Embora Pyrhum tenha uma aura potente que é muito ativa, ele não é o que eu esperava da descrição de Bardon. Eu esperava um ser muito poderoso com o qual seria difícil de lidar. Pyrhum foi gentil e rápido com as respostas. Ele também me surpreendeu com a informação sobre pactos. Eu esperava algo na linha de que humanos que trabalhavam demais com o elemento fogo (ou qualquer poder ou força sobre as outras) eram simplesmente atraídas para o elemento fogo por ressonância, até que eles pudessem se libertar através do trabalho com ele. A resposta de Pyrhum fez sentido no esquema maior, cósmico das coisas, depois de eu pensar sobre isso. Se esse é realmente o caso, eu posso entender por que Bardon disse o que disse sobre pactos. Ele estava provavelmente preocupado com que seus leitores fossem imediatamente assinando pactos para dominarem os elementos. Eu consigo compreender os benefícios e perigos nisso. Se um mago ou um novato que não estivesse verdadeiramente preparado para tal pacto concordasse com um, eles provavelmente não tentariam alcançar domínio em uma vida como o trabalho de Bardon nos ensina. Isso poderia impedir o crescimento de um mago no sentido de não ser absolutamente equilibrado e útil para a humanidade como poderia ser. Deve-se alcançar a Visão Extensa antes de se tomar qualquer decisão dessa natureza e então, apenas através de profunda meditação, e possivelmente perguntando a Providência Divina diretamente ou ao anjo pessoal.

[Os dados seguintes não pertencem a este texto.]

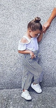 Blusa blanca hombro abierto con pantalón negro a rayas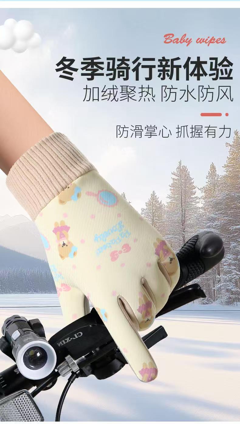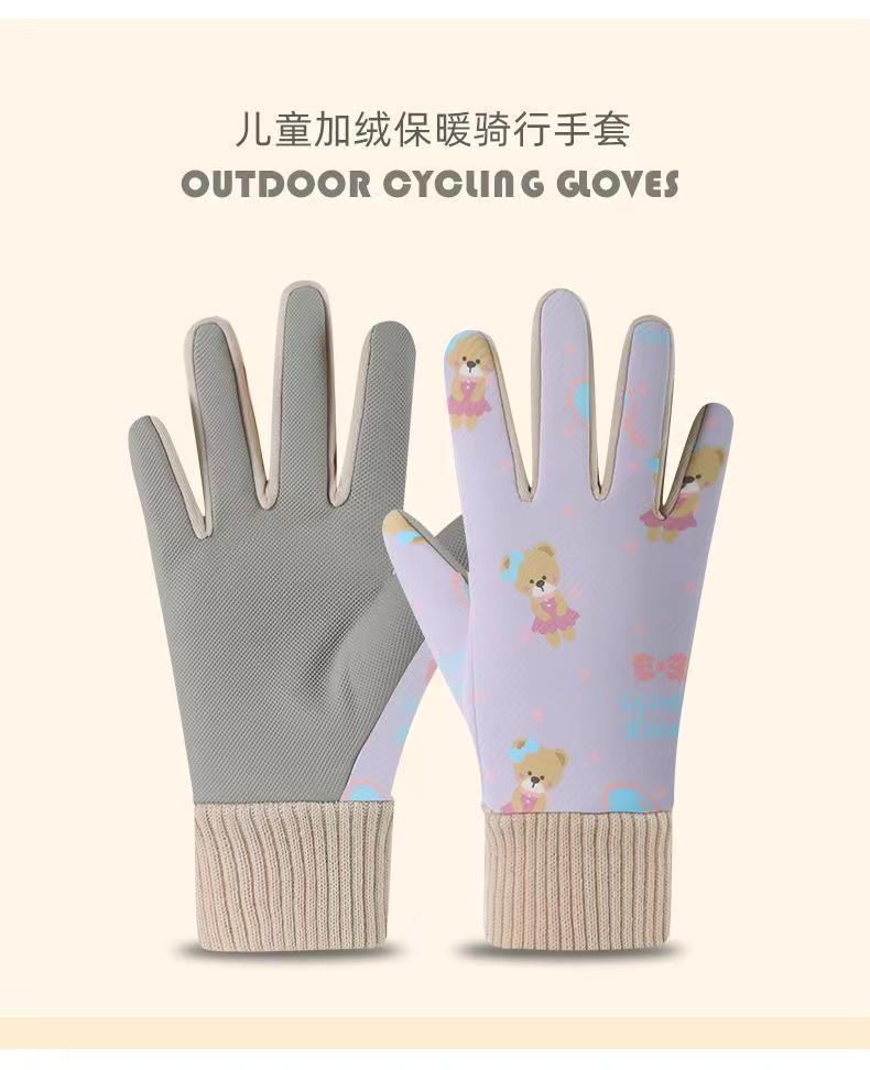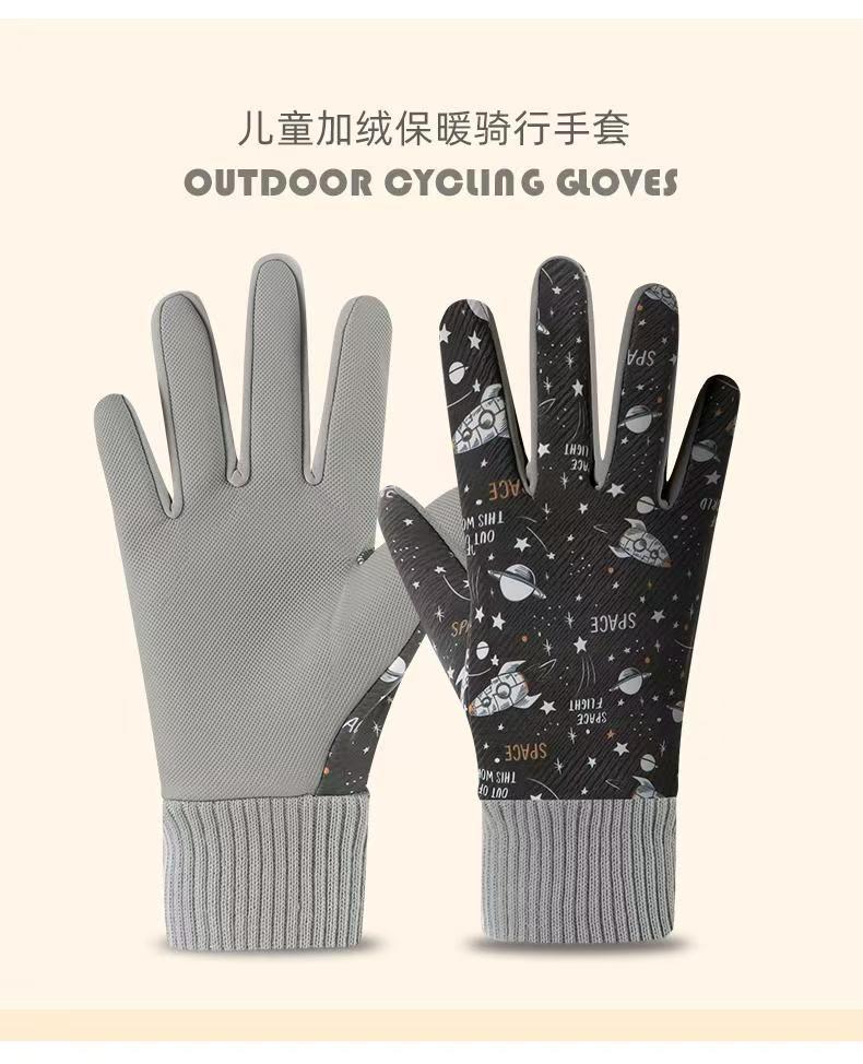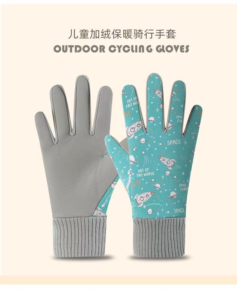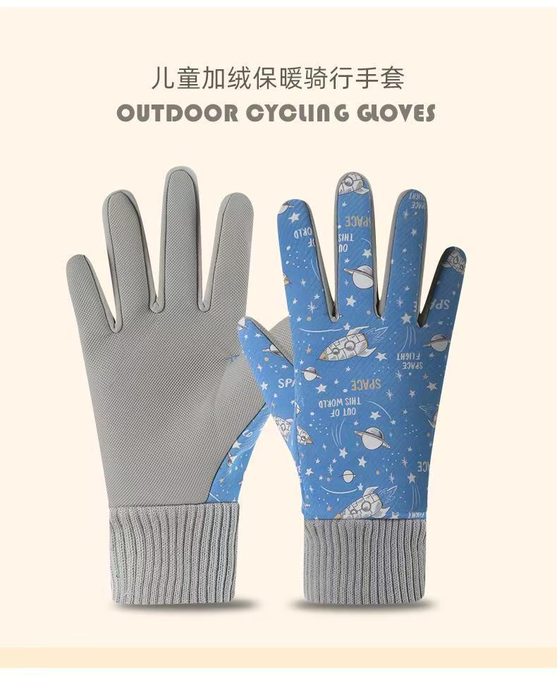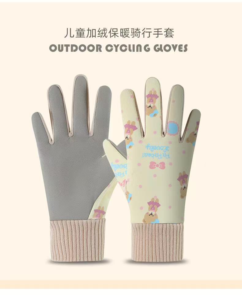 儿童秋冬卡通男女户外运动加绒加厚保暖骑行防风防泼水防寒冷手套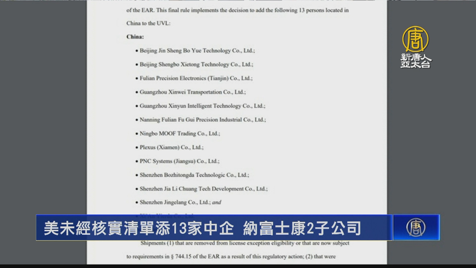 【新唐人亞太台 2023 年 12 月 20 日訊】美國商務部工業和安全局(BIS)19日發布公告,已把13家中國企業列入「未經核實清單」。被列入清單的中國企業包括江蘇至純科技(PNC Systems)、北京盛博協通科技、廣州信威交通、廈門貝萊勝電子(Plexus)、天津富聯精密電子與南寧富桂精密工業等。其中,天津富聯精密電子與南寧富桂精密工業,是富士康旗下子公司。根據拜登政府政策,如果外國政府阻止美國官員,對未經核實清單上的公司進行現場檢查,美國政府將在60天後,列入限制度更高的「實體清單」。

* A Visão Extensa é, aparentemente, a habilidade de se ver que se reencarna para, com o tempo, dominar nossa esfera. A Visão Extensa é uma visão paciente do desenvolvimento espiritual e confiante na ordem natural de que, com o tempo, o domínio pode ser alcançado. Eu também intuí que isso era uma prática comum na “velha religião” ou cultos mágicos de tempos antigos. Seria similar a monges orientais, que trabalham em um aspecto do divino por várias encarnações e, uma vez dominado, passariam para o próximo até que todos os aspectos tenham sido dominados e total iluminação tenha sido alcançada. A Visão Extensa não é uma noção New Age da reencarnação, e sim o CONHECIMENTO de que se reencarna. Para usar uma referência de filmes, não é Morfeu contando a Neo que ele é “O Escolhido”, mas Neo finalmente acreditando absolutamente que ele é o Escolhido. Toda a informação da Visão Extensa foi transmitida no que eu chamo de “pacote” de informação. Um espírito diz algo do qual eu não tenho ideia e, em vez de explicá-la, a informação é revelada ao mago instantaneamente. Algumas vezes, pacotes maiores podem ser enviados que levarão dias, semanas, meses ou até mesmo anos para “desempacotar”, dependendo do desenvolvimento do mago.